### [What is required]
The pictures get dropped, while every remaining part of the listing is copied exactly.

### [Input data]

···

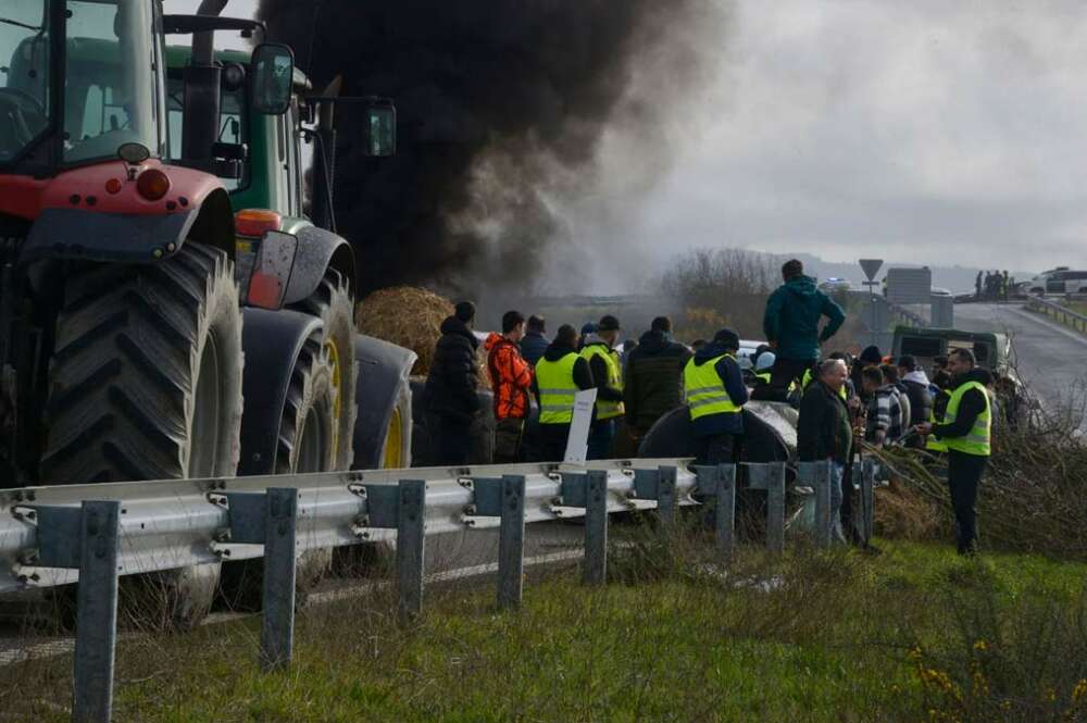 Agricultores e gandeiros cortan a A-52 con tractores e rolos de palla, a 10 de xaneiro de 2026, en Xinzo de Limia, Ourense, Galicia (España) – Rosa Veiga – Europa Press
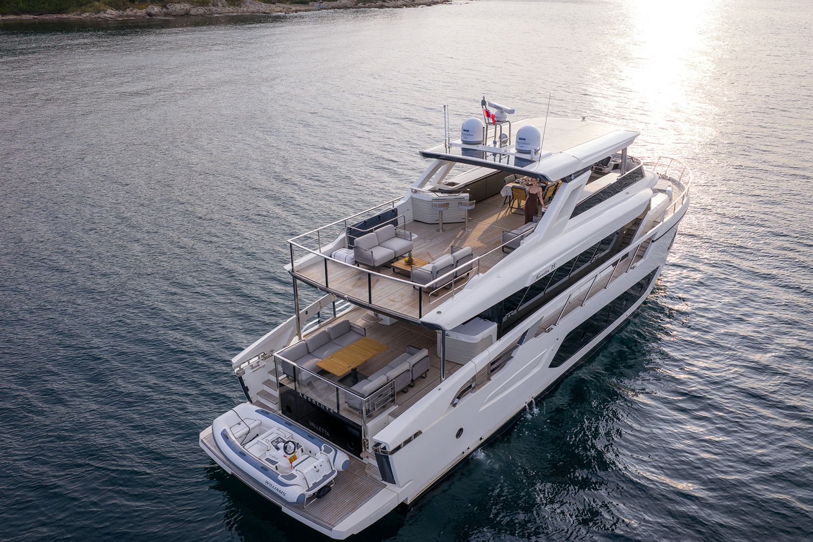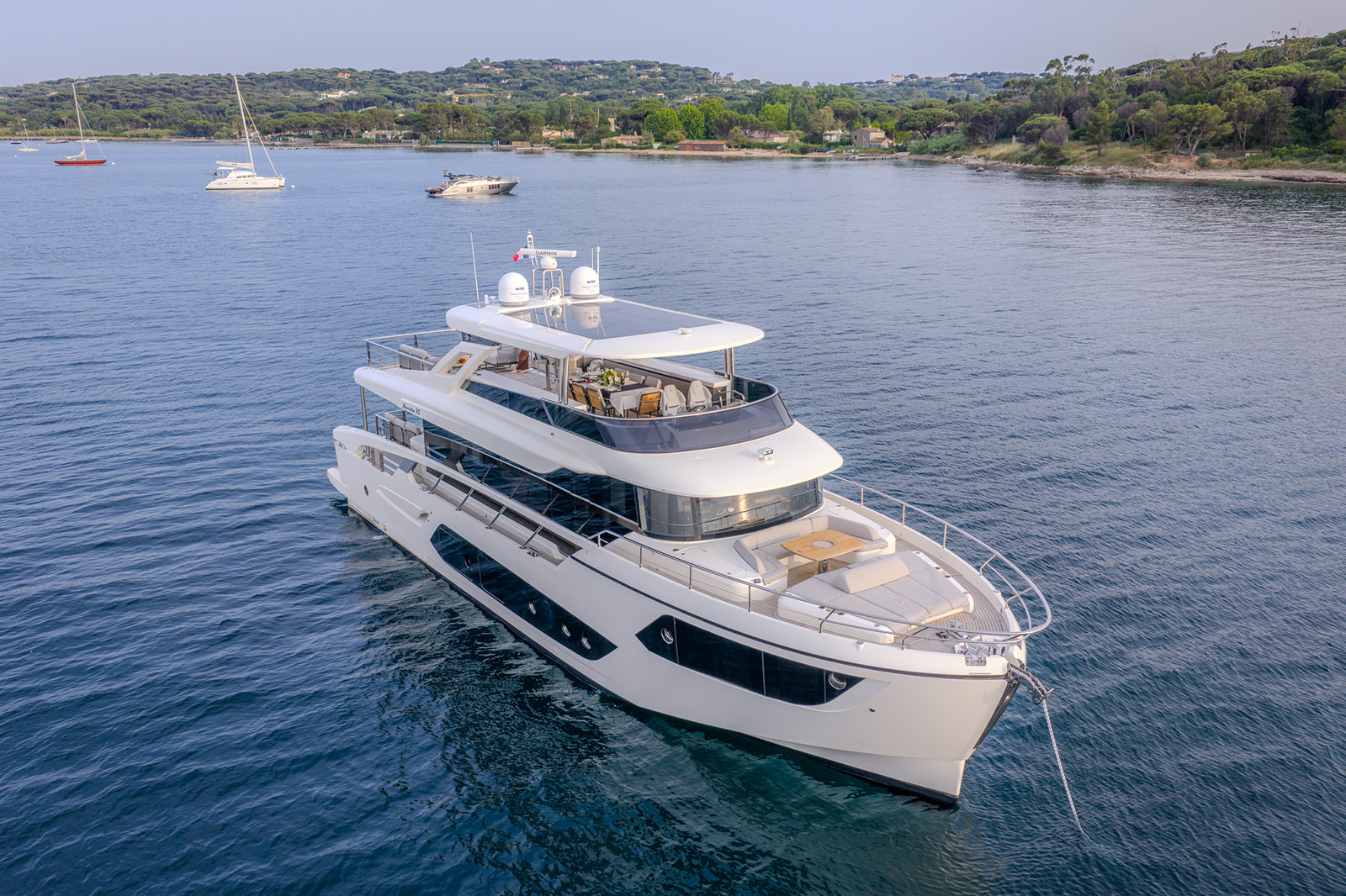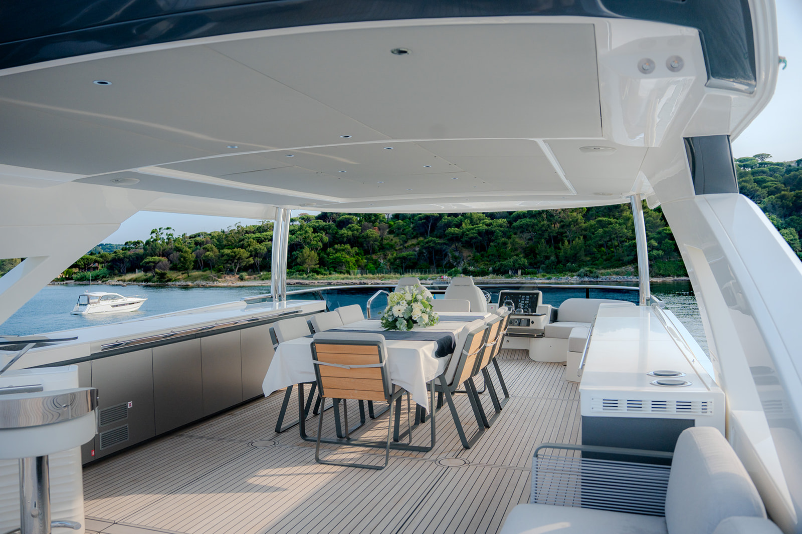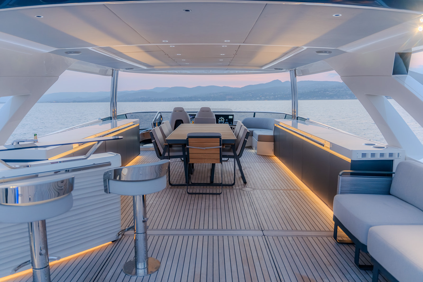Imaginez-vous glisser le long de la côte à une vitesse de croisière de 12 nœuds, bercé par la brise marine et profitant d'une vue imprenable grâce aux larges baies vitrées du yacht. De généreux espaces extérieurs offrent un cadre idéal pour les belles journées en mer, avec notamment un flybridge équipé d'un bar et d'un espace repas en plein air pouvant accueillir jusqu'à huit convives, ainsi qu'un aménagement avant modulable qui se transforme en bain de soleil ou en salon. Que ce soit pour se prélasser au soleil ou partager un verre entre amis, SEMELA offre le cadre parfait pour se détendre et savourer chaque instant en mer.
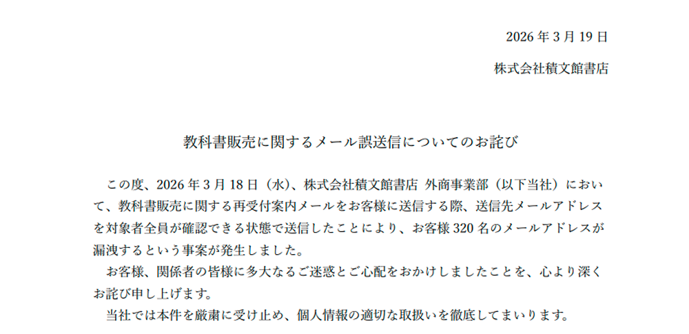 株式会社積文館書店は2026年3月19日、教科書販売に関する案内メールの送信時に宛先設定を誤り、顧客320人のメールアドレスを漏えいしたと発表しました。
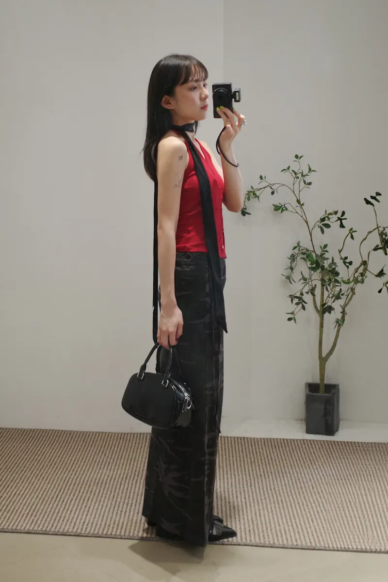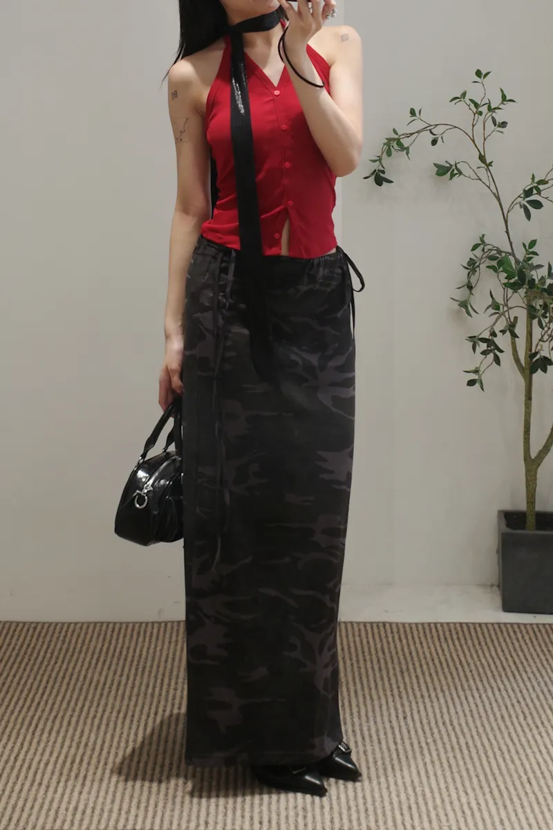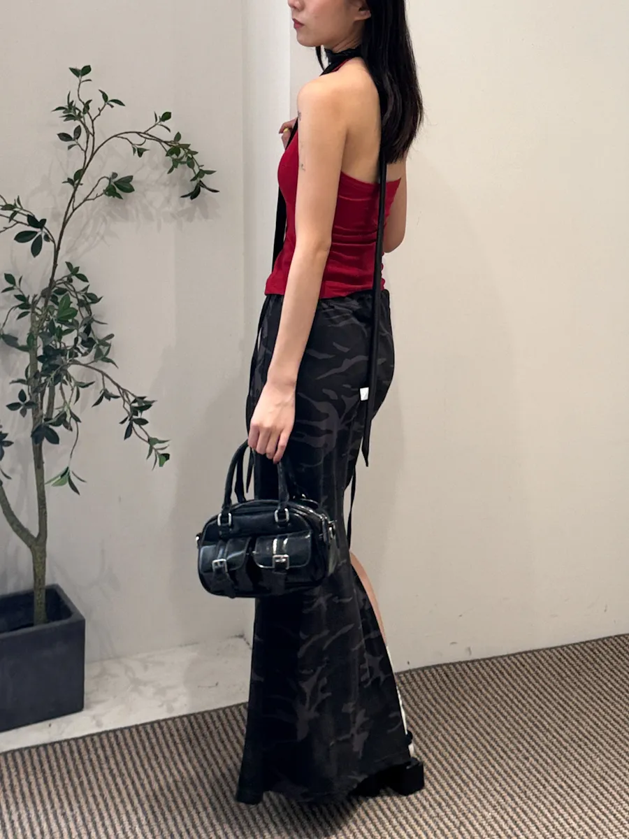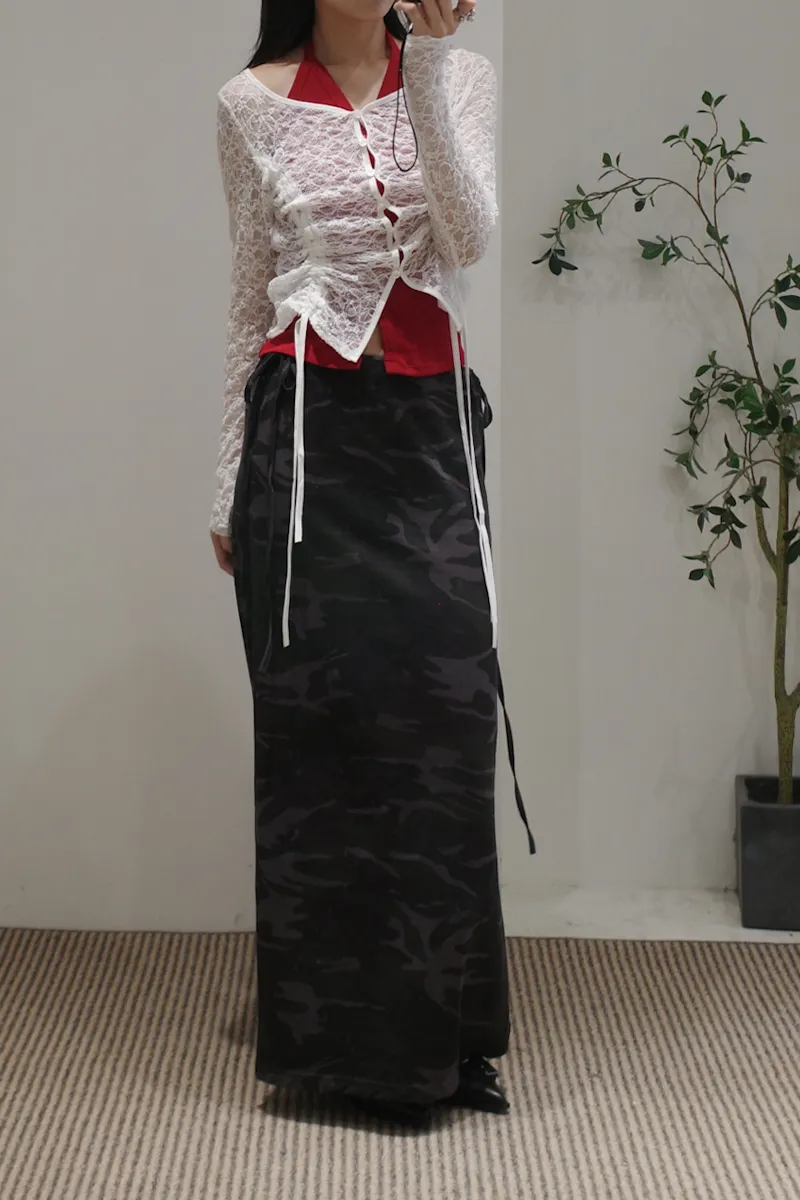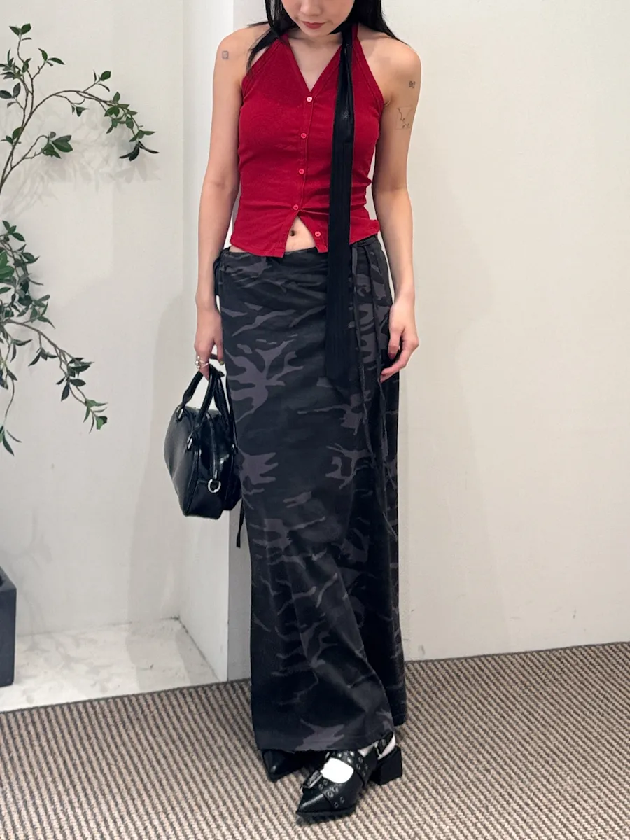 兩側腰邊有綁繩調節,單邊開衩,微彈性

···

### [Written response]
 Agricultores e gandeiros cortan a A-52 con tractores e rolos de palla, a 10 de xaneiro de 2026, en Xinzo de Limia, Ourense, Galicia (España) – Rosa Veiga – Europa Press
Imaginez-vous glisser le long de la côte à une vitesse de croisière de 12 nœuds, bercé par la brise marine et profitant d'une vue imprenable grâce aux larges baies vitrées du yacht. De généreux espaces extérieurs offrent un cadre idéal pour les belles journées en mer, avec notamment un flybridge équipé d'un bar et d'un espace repas en plein air pouvant accueillir jusqu'à huit convives, ainsi qu'un aménagement avant modulable qui se transforme en bain de soleil ou en salon. Que ce soit pour se prélasser au soleil ou partager un verre entre amis, SEMELA offre le cadre parfait pour se détendre et savourer chaque instant en mer.
 株式会社積文館書店は2026年3月19日、教科書販売に関する案内メールの送信時に宛先設定を誤り、顧客320人のメールアドレスを漏えいしたと発表しました。
 兩側腰邊有綁繩調節,單邊開衩,微彈性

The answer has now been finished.